Phaeoclavulina abietina, commonly known as the green-staining coral, is a coral mushroom in the family Gomphaceae. It is characterized by the green staining reaction it develops in response to bruising or injury.

==Taxonomy==
The species was first described by Christian Hendrik Persoon in 1794 as Clavaria abietina. It is commonly known as the "green-staining coral". It was classified in the genus Ramaria (in the subgenus Echinoramaria), until molecular phylogenetic showed that Ramaria was polyphyletic.

==Description==
The fruit bodies are leathery, and brittle when dry. They are small, measuring 2–5 cm tall by 1–5 cm wide, and branch from the central stem up to five times. The slender branches are slightly flattened or spreading, and forked or crested near the top. The color of the fruit body is medium yellow green to light olive, but will bruise a darker olive green to dark olive green. The stem is 5-15 mm long and 2-10 mm thick; it has a mat of mycelia at its base, which is attached to rhizomorphs that branch into the substrate. The odor of the mushroom tissue ranges from indistinct to earthy, and it tastes initially sweet, then somewhat bitter. The species is inedible.

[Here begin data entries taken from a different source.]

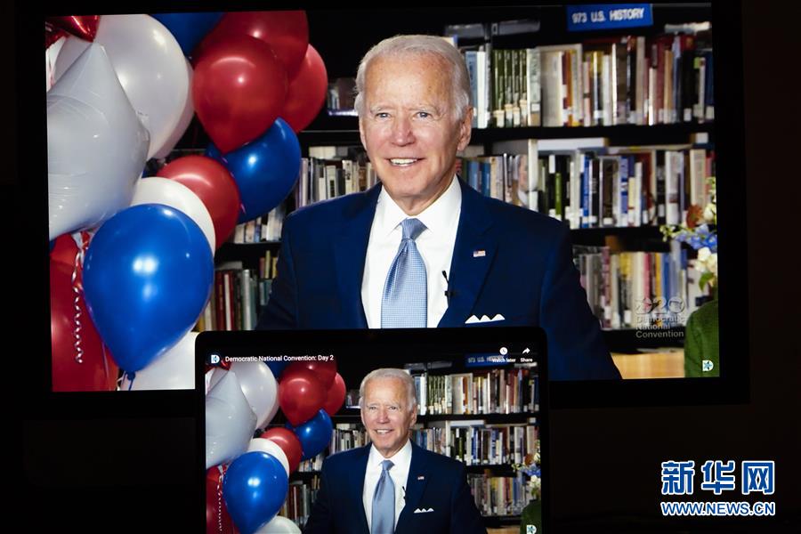 这张8月18日拍摄的直播视频画面显示,乔·拜登被提名为2020年美国民主党总统候选人后庆祝。 美国民主党全国代表大会美国东部时间18日晚正式提名前副总统乔·拜登为2020年民主党总统候选人,他将与谋求连任的美国总统特朗普展开角逐。 新华社记者 刘杰 摄
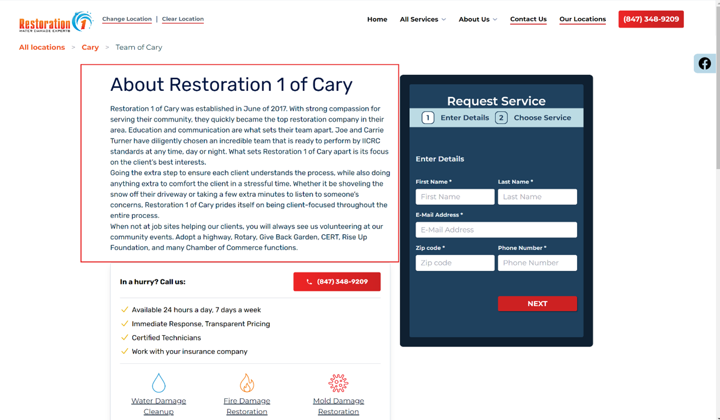 - Example URL: https://restoration1.com/cary/your-local-team
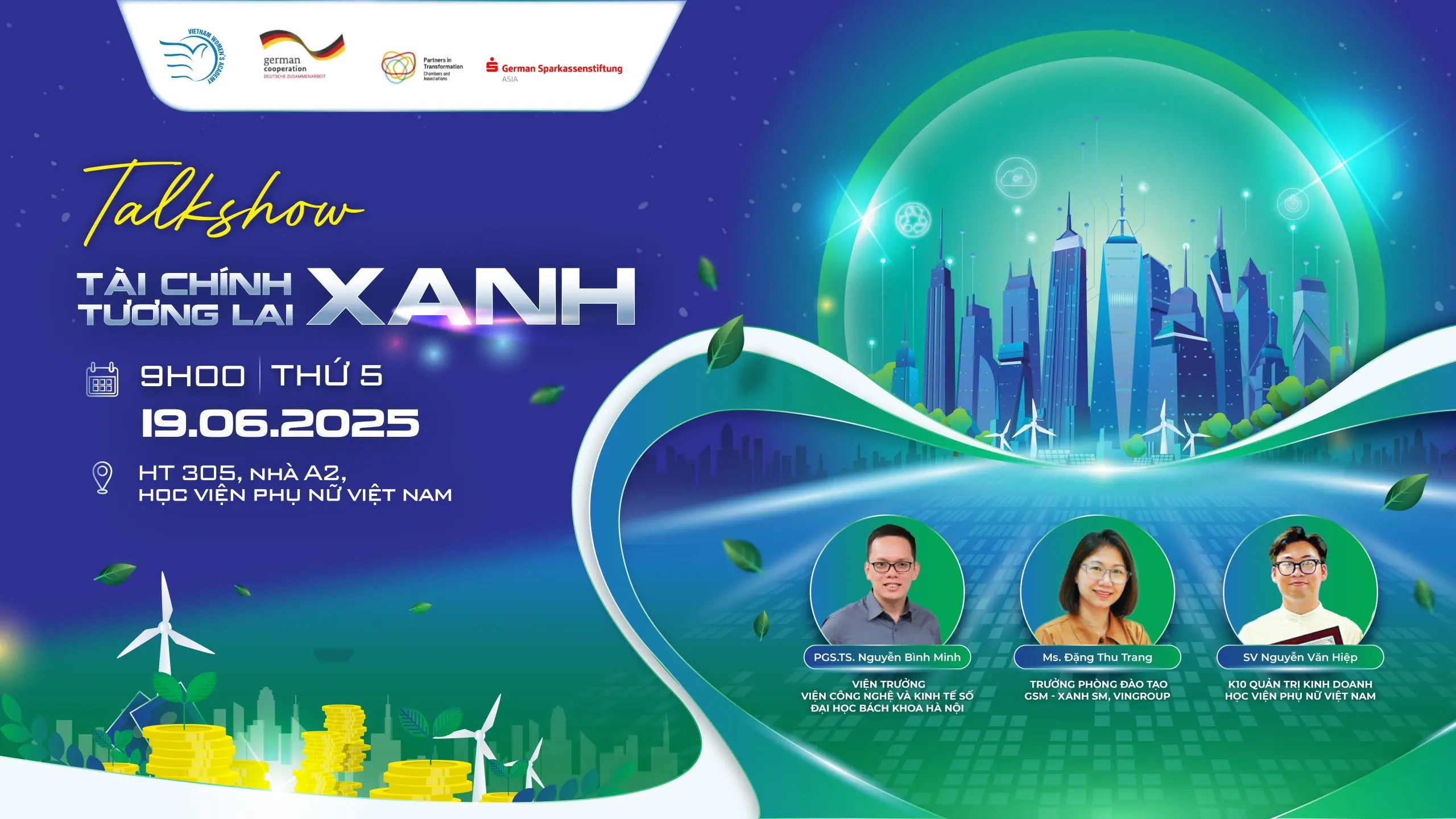 Trong khuôn khổ hợp tác giữa Học viện Phụ nữ Việt Nam và Quỹ Hợp tác quốc tế các ngân hàng tiết kiệm Đức (DSIK) giai đoạn 2024–2027, chương trình Talkshow với chủ đề “Tài chính xanh – Tương lai xanh” sẽ được tổ chức vào 9h00 sáng thứ Năm, ngày 19/6/2025 tại Hội trường 305 – Học viện Phụ nữ Việt Nam. Trong bối cảnh biến đổi khí hậu và các vấn đề môi trường ngày càng đặt ra nhiều thách thức, việc ứng dụng tài chính xanh không chỉ là lựa chọn cá nhân mà còn là một hướng đi quan trọng trong chiến lược xây dựng một cộng đồng xanh, phát triển bền vững và nhân văn. Talkshow được kỳ vọng sẽ là cầu nối giữa tri thức, trải nghiệm thực tiễn và hành động cụ thể, đặc biệt là với giới trẻ – những người giữ vai trò trung tâm trong hành trình kiến tạo tương lai. Nội dung talkshow xoay quanh các chủ đề cốt lõi: khái niệm và giá trị của tài chính xanh, khả năng ứng dụng vào đời sống sinh viên, mô hình khởi nghiệp xanh và hành trình xây dựng cộng đồng tài chính xanh tại các cơ sở giáo dục.
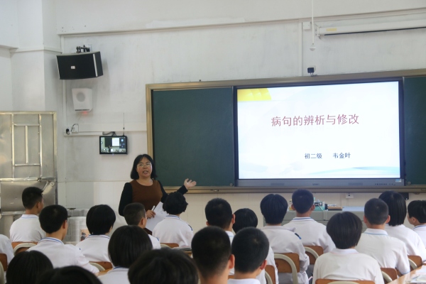 本次活動以期末復習常態課、教師評課以及專家交流指導的形式進行。首先,初二年級韋金葉老師執教了《常見病句類型和辨析》的復習常態課,整節課切入新穎、講練結合,充分發揮了專題復習在“刺激”和“強化”方面的突出優勢,課堂效果好。初三年級游晗昕老師則主要針對九年級上冊的三篇課內文言文進行了系統復習,整節課內容緊湊,既有基礎強化,又有拓展延伸,形式新穎,充滿語文味兒。兩節常態的復習課,讓在場的老師深受啟發,收獲滿滿。
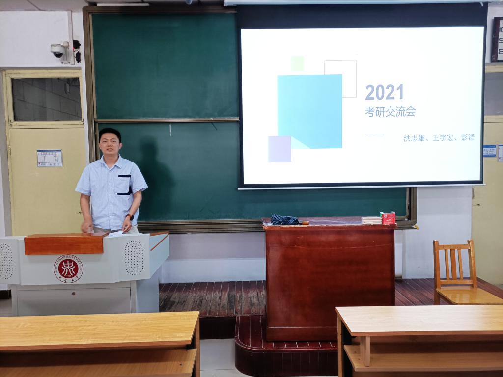 交流会上,王宇宏同志就跨专业、院校选择、找工作等方面分享了自己的经验,他鼓励大家认清自己,正确定位,勇敢去追求自己想要的目标;洪志雄同志向大家介绍了考研的大致流程,讲了备考过程中可能遇到的问题和应该注意的事项;彭滔同志结合自己工作后再考研的经历,从考研心态、日常作息等方面分享了自己的经验,他希望大家注重心态调节,注意学习方法。随后,在提问环节中,三位同志对大家提问的问题作出了详细的解答,并提出了针对性建议。
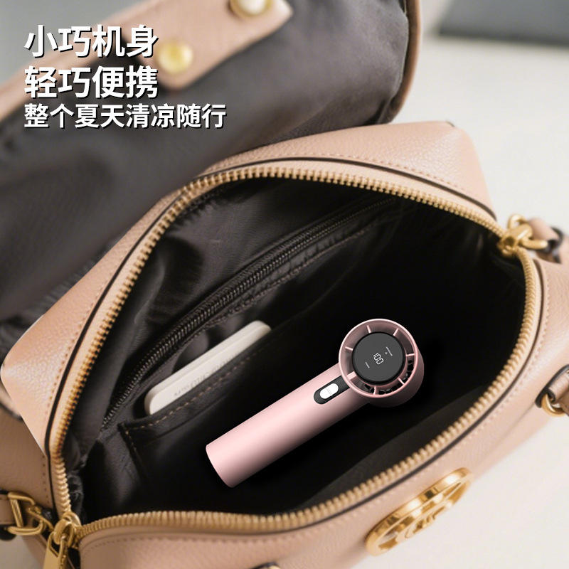 พัดลมพกพาไร้ใบพัดขนาดเล็กพร้อมจอแสดงผลดิจิตอล มอเตอร์ไร้แปรงถ่าน ชาร์จไฟได้ ใช้ได้ทั้งแบบมือถือและตั้งโต๊ะ สำหรับใช้ในบ้าน สำนักงาน และกลางแจ้ง
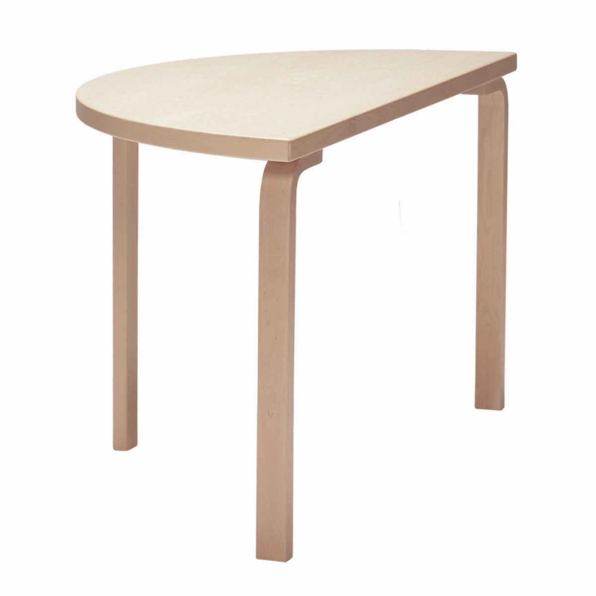 The ultimate mix and match piece of furniture, this semicircular table is beautifully constructed from natural birch wood and assembled with skilled technique and precision. Push this table next to a wall and create an unobtrusive side table or combine it with table 80A, 80B or 81B and build an impressive long table. The legs are constructed from solid birch and the tabletop is made from birch featuring a honeycomb core. Designed by Alvar Aalto in 1935, this table has three bent wood legs in Aalto's famous "L" shape. Made in Finland by Artek. Simple assembly required.
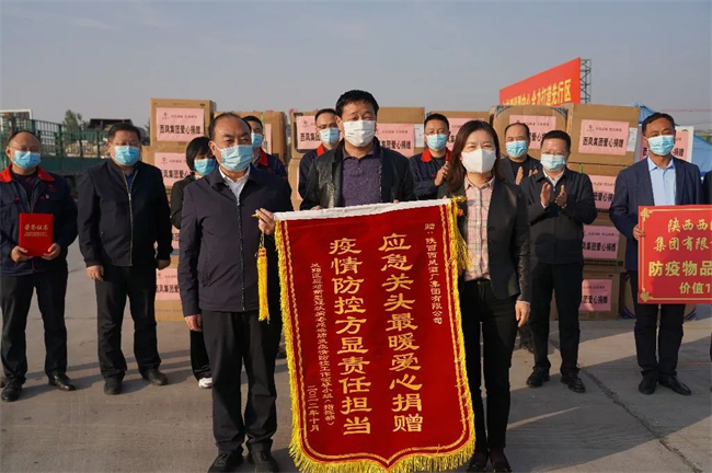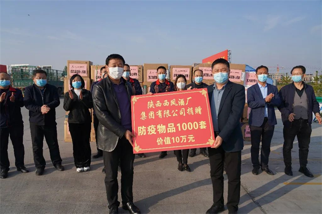 儀式上,西鳳集團公司向鳳翔區(qū)新冠疫情工作領(lǐng)導小組捐贈了價值10萬元的防疫物資1000套。

The spores are dark orange-yellow when collected in mass. The spores are pip-shaped to broadly elliptical, with one oblique end; their dimensions are 6–9 by 3.5–4.5 μm. The basidia (spore-bearing cells) are typically four-spored, with the spores attached by sterigmata up to 7 μm long.

===Similar species===
Phaeoclavulina myceliosa is very similar but does not produce a greenish stain.

Ramaria apiculata differs in its bright teal tips. Also similar in appearance is R. invalii, which does not stain when bruised.

==Habitat and distribution==

Fruit bodies grow scattered or in groups (sometimes arranged in rows) on the ground in duff of coniferous forests. In North America, it is found in the United States (mostly October–February on the West Coast and July–October inland), including the Pacific Northwest, as well as Mexico. It is also found in Europe.